I am working on implementing the Orthogonal Matching Pursuit (OMP) algorithm for the scikit. It is an elegant algorithm (that almost writes itself in Numpy!) to compute a greedy approximation to the solution of a sparse coding problem:

\$\$ \text{argmin} \big|\big|\gamma\big|\big|_0 \text{ subject to }\big|\big|x-D\gamma\big|\big|_2\^2 \leq \epsilon\$\$

or (in a different parametrization)

\$\$ \text{argmin} \big|\big|x - D\gamma\big|\big|_2\^2\text{ subject to }\big|\big|\gamma\big|\big|_0 \leq m\$\$

The second formulation is interesting in that it gives one of the few algorithms for sparse coding that can control the actual number of non-zero entries in the solution. Some dictionary learning methods need this (I’m thinking of K-SVD).

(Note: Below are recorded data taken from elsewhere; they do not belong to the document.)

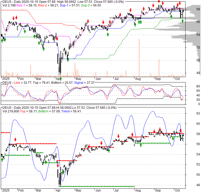 Price has closed above its short-term moving average. Short-term moving average is currently below mid-term; and above long-term moving average. From the relationship between price and moving averages: This stock is NEUTRAL in short-term; and NEUTRAL in mid-long term.[ DEUS ] has closed below upper band by 48.5%. Bollinger Bands are 10.6% wider than normal. The current width of the bands does not suggest anything about the future direction or movement of prices.
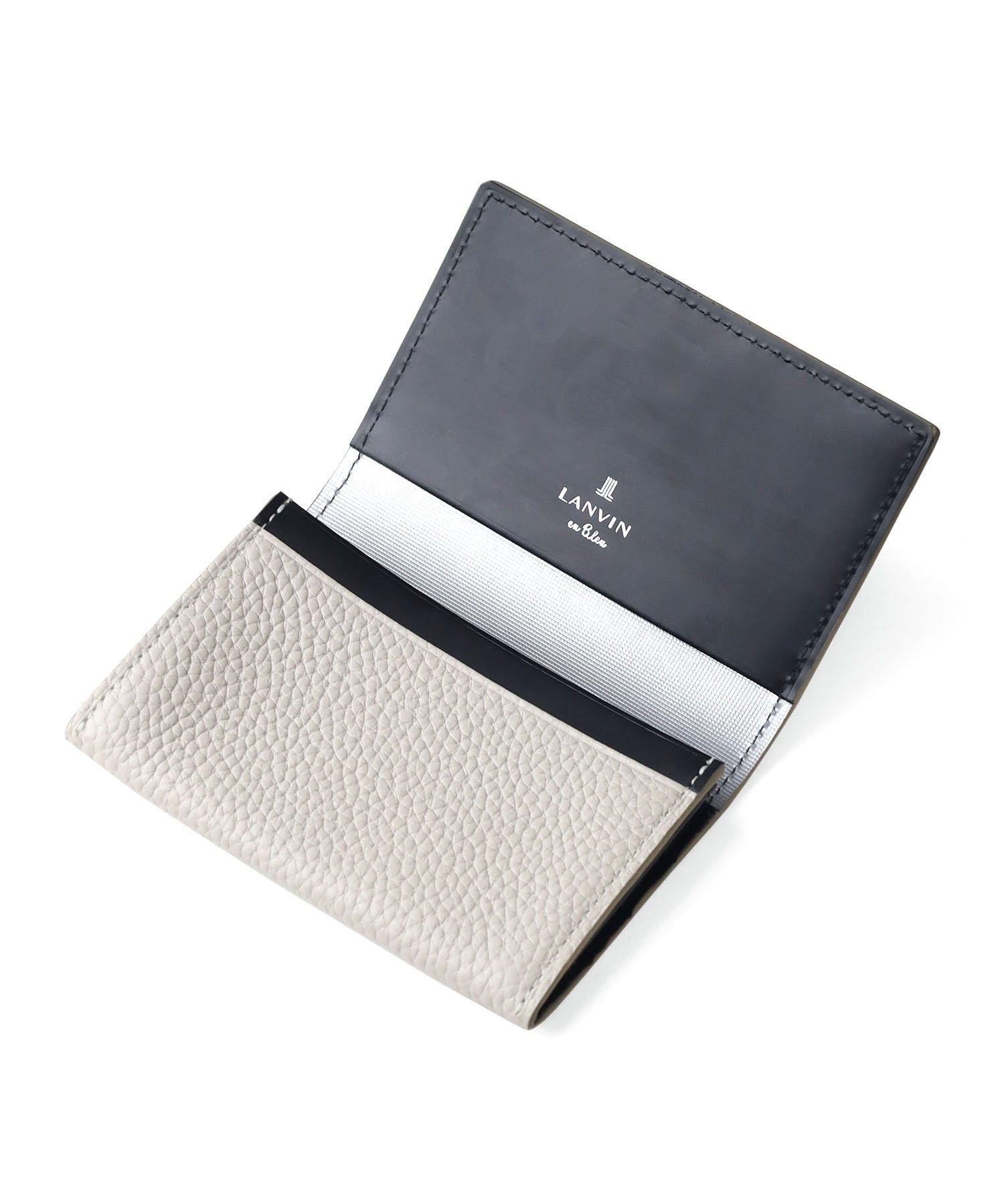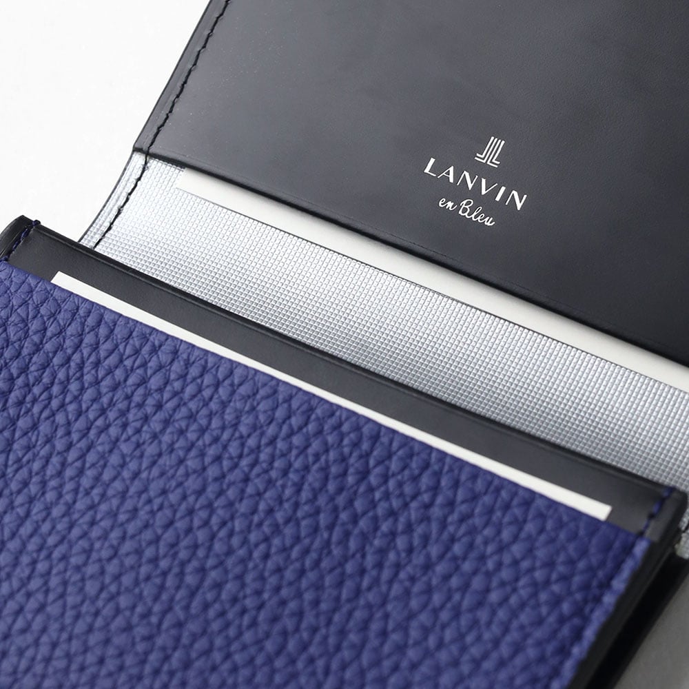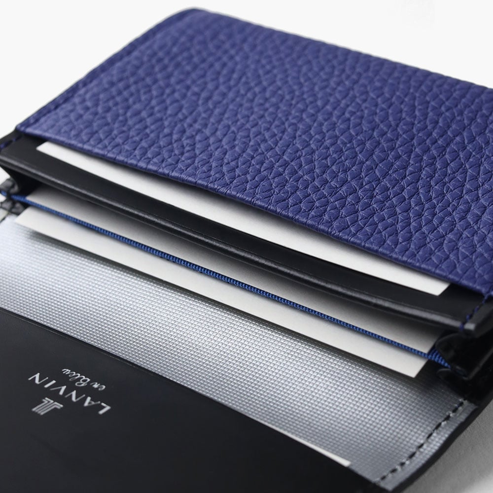 柔らかく上質な手触りが魅力のランバンオンブルーの名刺入れ。シュリンク加工を施したソフトな風合いの牛革を使用しており、傷が目立ちにくく、長く美しい状態を保てます。シンプルで無駄のないデザインに、シルバーのメタルロゴが上品なアクセントを添えています。
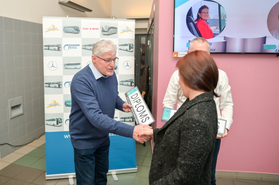 Īpaši lepojamies ar to, ka mūsu komandā strādā 13 sievietes. Tā ir bijusi neizmantota un līdz galam nenovērtēta rezerve. Mūsu sievietes ir brīnišķīgas, un pats galvenais – viņas ir ļoti labas braucējas. Varbūt viņām ir kāds mazs niķis – visām gribas braukt ātri, visām gribas braukt ar lielajiem autobusiem. Taču lielais autobuss ir jānopelna. Tas nav vienkārši, un tieši tāpēc šis ceļš ir vērtīgs.

Both problems are solved by the same algorithm, with a different stopping condition. The gist of it is to include at each iteration, the atom with the highest correlation to the current residual. However, as opposed to regular Matching Pursuit, here, after choosing the atom, the input signal is orthogonally projected to the space spanned by the chosen atoms. This involves the solution of a least squares problem at each step. However, because the problem is almost the same at each iteration, only with one more column added to the matrix, this can be easily solved by maintaining a QR or Cholesky decomposition of the dictionary matrix that is updated at each step.

Rubinstein et al. [1] came up with a clever method to optimize the calculations, based on the fact that usually in practice we never have to find a sparse coding for a single signal, but usually for a batch. They called this method Batch OMP, and it is based on a straightforward modification of the Cholesky update algorithm, taking advantage of precomputing the Gram matrix $G=D’D$.

Based on my experiments, their batch update is the fastest, even though it lags behind if invoked with too small a batch. As soon as I make sure the implementation is robust and ready for use, I will make some benchmarks.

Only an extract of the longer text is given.